Photo: Sebastian Costanzo


STEVEN King would hate this to sound like a sob story. Or a sympathy bid. Or, God forbid, an excuse. But the bottom line is that football was ruining his life. Last week though, he could at least smile at the irony that, during the year he counts as his most miserable, a youth suicide prevention group approached him about helping young Australian men from the country to ditch their pride and discuss their problems. This past summer, the 28-yearold former Geelong captain, originally a country boy himself, has been smiling a lot. His teammates and support staff at Geelong have been marvelling at it. As King sat on the train that returned the team from its Swan Hill community camp last Thursday, he emphasised that he hadn’t ever felt as desperate as the kids he intends to help through the “Coach the Coach” program.
But things did get pretty dark. “I probably just let the football thing ruin my whole . . .” King pauses momentarily before finishing. “I don’t know, it probably just transformed me a bit as a person. I just got so negative on everything.
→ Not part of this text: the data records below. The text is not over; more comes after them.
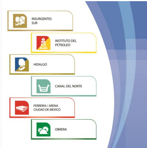
Diseño de Botones para Página Web
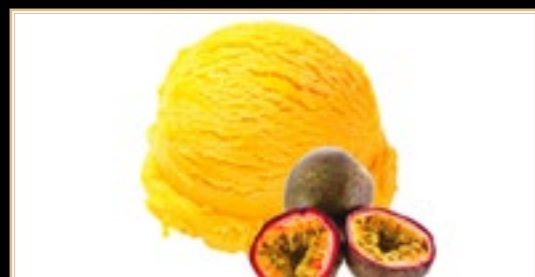
A18 5.00€ Sorbet Passion
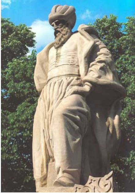
Görsel 3. Hüseyin Özkan, Mimar Sinan, 1956, Mermer Yontu.

Bu yapıt sanatçının aldığı, batının biçimleme dilini, içinde var olduğu kültüre entegre etmeyi başaran önemli bir örnektir. Batıda eğitim aldıktan sonra yurda dönerek sanatsal çalışmalarını sürdüren bir başka sanatçı ise Hüseyin Özkan'dır.
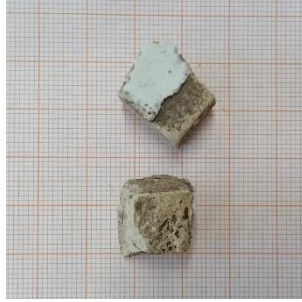
Kuva 8. Valkoista paksuseinäistä keramiikkaa.

“For a time last year I just hated what I was doing. Going to training and playing was probably the least thing I’d look forward to in a week. You put this pressure on yourself that you are this big, strong footballer. It’s meant to be fun.”
But with Geelong floundering and King once again feeling like a substandard captain — his body letting him down for a third consecutive year — nothing much at all was fun any more. King, who friends and family would have once described as a laid back and optimistic soul who loved a good laugh, was virtually unrecognisable.

“It was affecting me as who I was as a person and my outlook on life,” he said. “I was becoming a negative person. I was becoming bitter towards everyone. Not straight up, but just always doubting, questioning, and looking at the bad things instead of the positives.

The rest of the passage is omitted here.